WORK TASK:
Give back every record below in full and exactly, but without a single image.

Items from a dataset
--- START ---
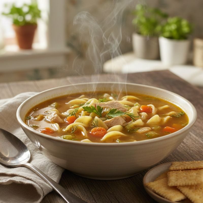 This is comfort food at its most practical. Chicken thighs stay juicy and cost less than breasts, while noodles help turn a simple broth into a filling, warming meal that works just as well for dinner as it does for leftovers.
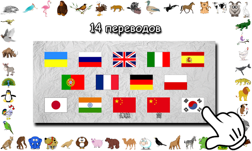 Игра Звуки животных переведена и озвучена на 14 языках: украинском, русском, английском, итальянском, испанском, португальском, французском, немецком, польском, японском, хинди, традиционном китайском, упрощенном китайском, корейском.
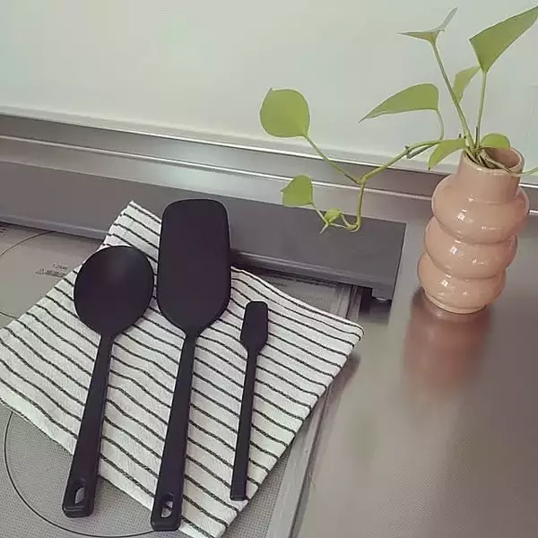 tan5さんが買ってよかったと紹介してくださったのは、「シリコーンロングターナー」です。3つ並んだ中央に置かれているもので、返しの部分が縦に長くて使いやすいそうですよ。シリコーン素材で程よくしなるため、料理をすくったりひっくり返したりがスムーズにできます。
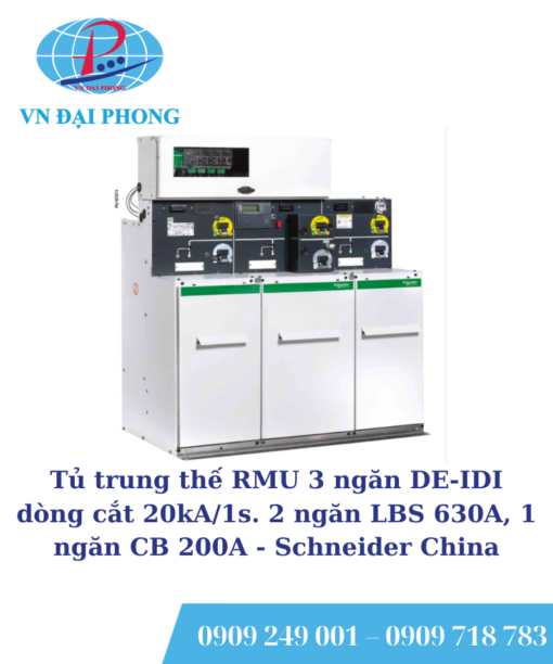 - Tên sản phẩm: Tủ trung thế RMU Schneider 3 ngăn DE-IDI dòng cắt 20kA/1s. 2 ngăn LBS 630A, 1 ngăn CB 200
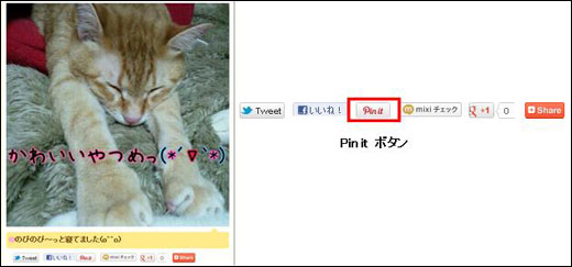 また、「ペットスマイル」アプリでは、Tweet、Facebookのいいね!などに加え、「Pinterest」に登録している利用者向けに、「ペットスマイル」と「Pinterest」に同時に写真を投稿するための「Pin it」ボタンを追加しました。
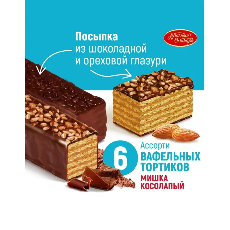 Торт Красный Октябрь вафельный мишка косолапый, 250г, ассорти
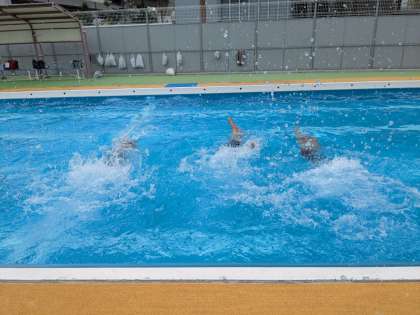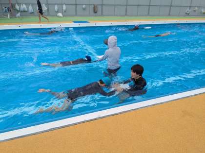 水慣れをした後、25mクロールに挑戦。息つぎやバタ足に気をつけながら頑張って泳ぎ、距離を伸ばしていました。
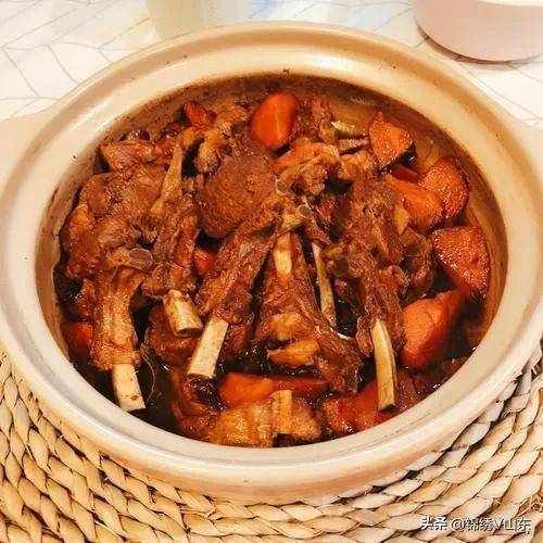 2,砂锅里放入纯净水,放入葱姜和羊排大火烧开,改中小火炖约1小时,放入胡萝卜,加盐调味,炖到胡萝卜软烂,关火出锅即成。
--- END ---
YOUR SOLUTION:
 This is comfort food at its most practical. Chicken thighs stay juicy and cost less than breasts, while noodles help turn a simple broth into a filling, warming meal that works just as well for dinner as it does for leftovers.
 Игра Звуки животных переведена и озвучена на 14 языках: украинском, русском, английском, итальянском, испанском, португальском, французском, немецком, польском, японском, хинди, традиционном китайском, упрощенном китайском, корейском.
 tan5さんが買ってよかったと紹介してくださったのは、「シリコーンロングターナー」です。3つ並んだ中央に置かれているもので、返しの部分が縦に長くて使いやすいそうですよ。シリコーン素材で程よくしなるため、料理をすくったりひっくり返したりがスムーズにできます。
 - Tên sản phẩm: Tủ trung thế RMU Schneider 3 ngăn DE-IDI dòng cắt 20kA/1s. 2 ngăn LBS 630A, 1 ngăn CB 200
 また、「ペットスマイル」アプリでは、Tweet、Facebookのいいね!などに加え、「Pinterest」に登録している利用者向けに、「ペットスマイル」と「Pinterest」に同時に写真を投稿するための「Pin it」ボタンを追加しました。
 Торт Красный Октябрь вафельный мишка косолапый, 250г, ассорти
 水慣れをした後、25mクロールに挑戦。息つぎやバタ足に気をつけながら頑張って泳ぎ、距離を伸ばしていました。
 2,砂锅里放入纯净水,放入葱姜和羊排大火烧开,改中小火炖约1小时,放入胡萝卜,加盐调味,炖到胡萝卜软烂,关火出锅即成。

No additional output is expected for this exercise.